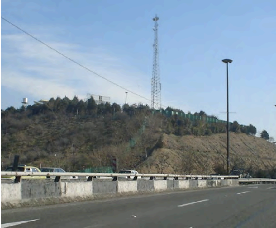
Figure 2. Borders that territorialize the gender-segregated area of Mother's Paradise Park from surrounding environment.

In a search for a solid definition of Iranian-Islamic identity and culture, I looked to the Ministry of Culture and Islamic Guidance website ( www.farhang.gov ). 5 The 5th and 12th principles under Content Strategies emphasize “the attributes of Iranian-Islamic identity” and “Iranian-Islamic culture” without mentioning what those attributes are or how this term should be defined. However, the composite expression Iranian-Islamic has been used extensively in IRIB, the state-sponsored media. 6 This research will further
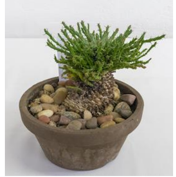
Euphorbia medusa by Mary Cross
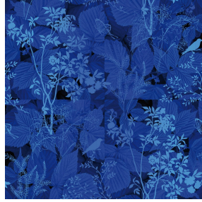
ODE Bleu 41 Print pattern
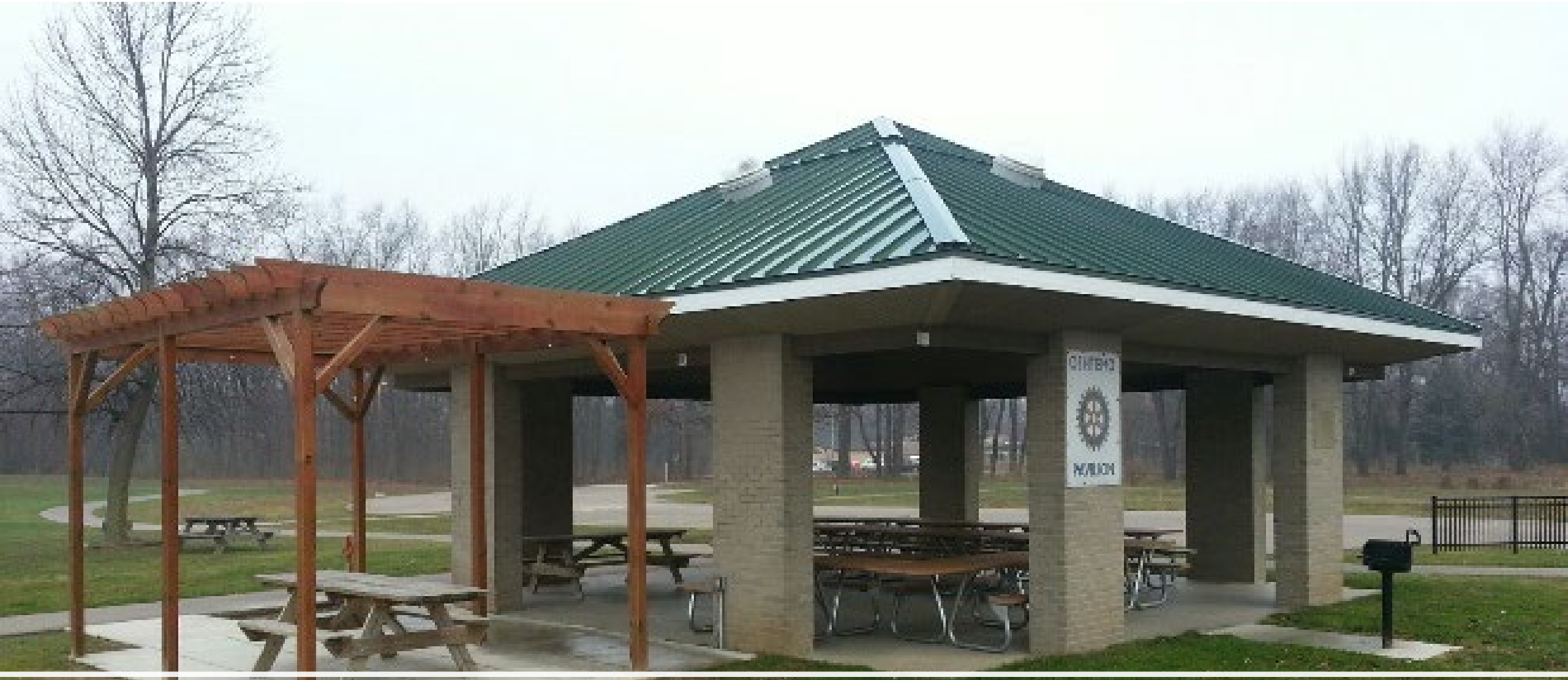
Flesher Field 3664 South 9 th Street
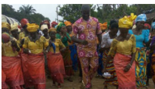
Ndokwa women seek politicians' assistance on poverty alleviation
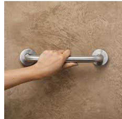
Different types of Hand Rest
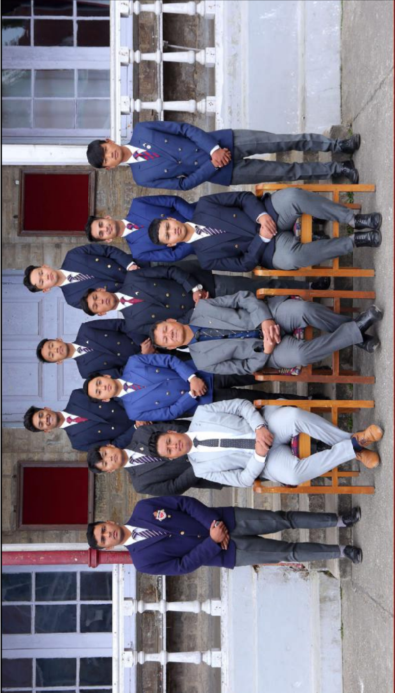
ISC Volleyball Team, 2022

* * *

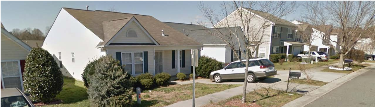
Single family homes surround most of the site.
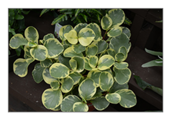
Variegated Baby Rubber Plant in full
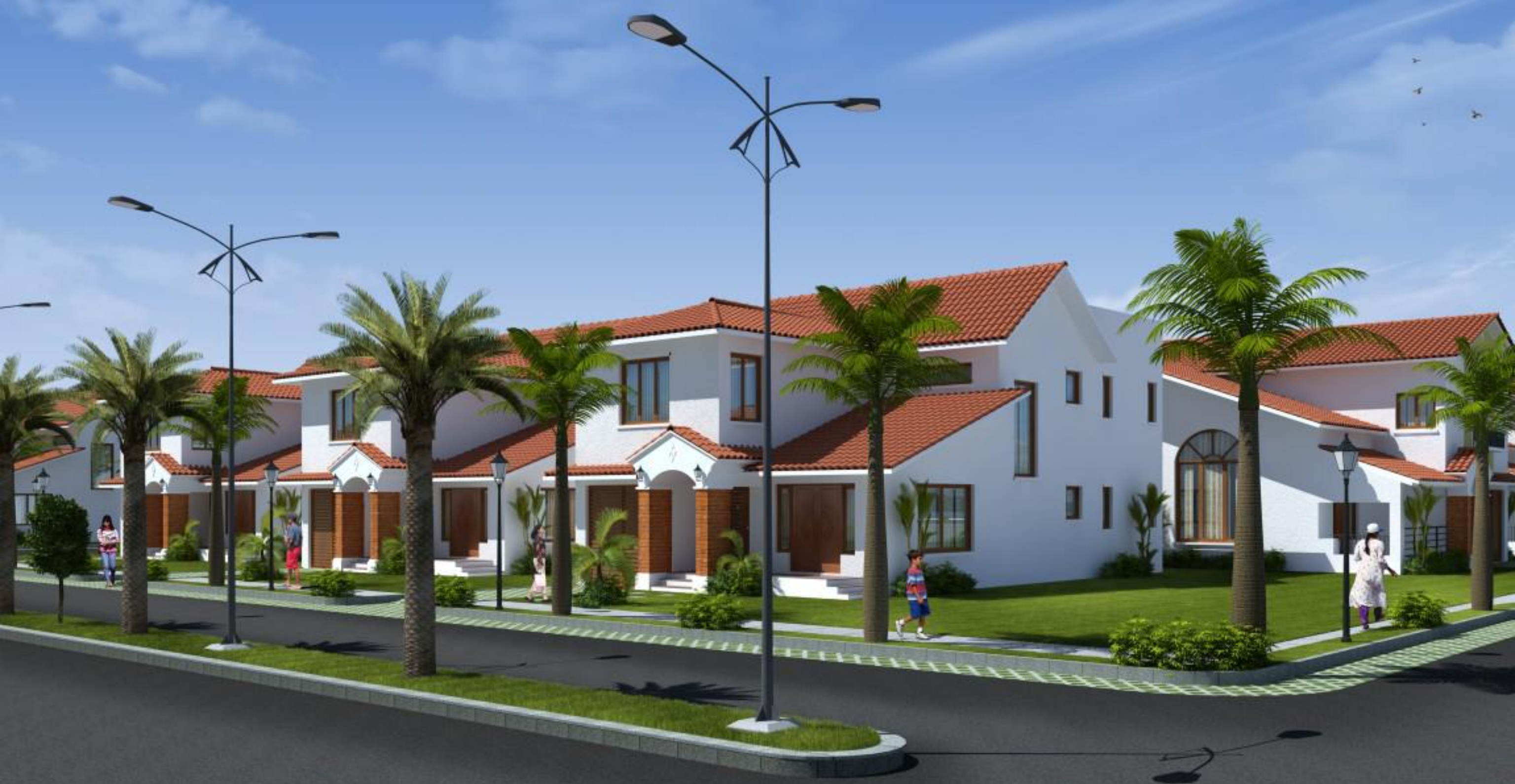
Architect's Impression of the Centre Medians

**Try it:**
Transcribe, word for word, the lines of the listing above from the one that contains "Single family homes" through the one that contains "Architect's Impression of the Centre Medians", keeping both ends and dropping the pictures.

**Exercise answer:**
Single family homes surround most of the site.
Variegated Baby Rubber Plant in full
Architect's Impression of the Centre Medians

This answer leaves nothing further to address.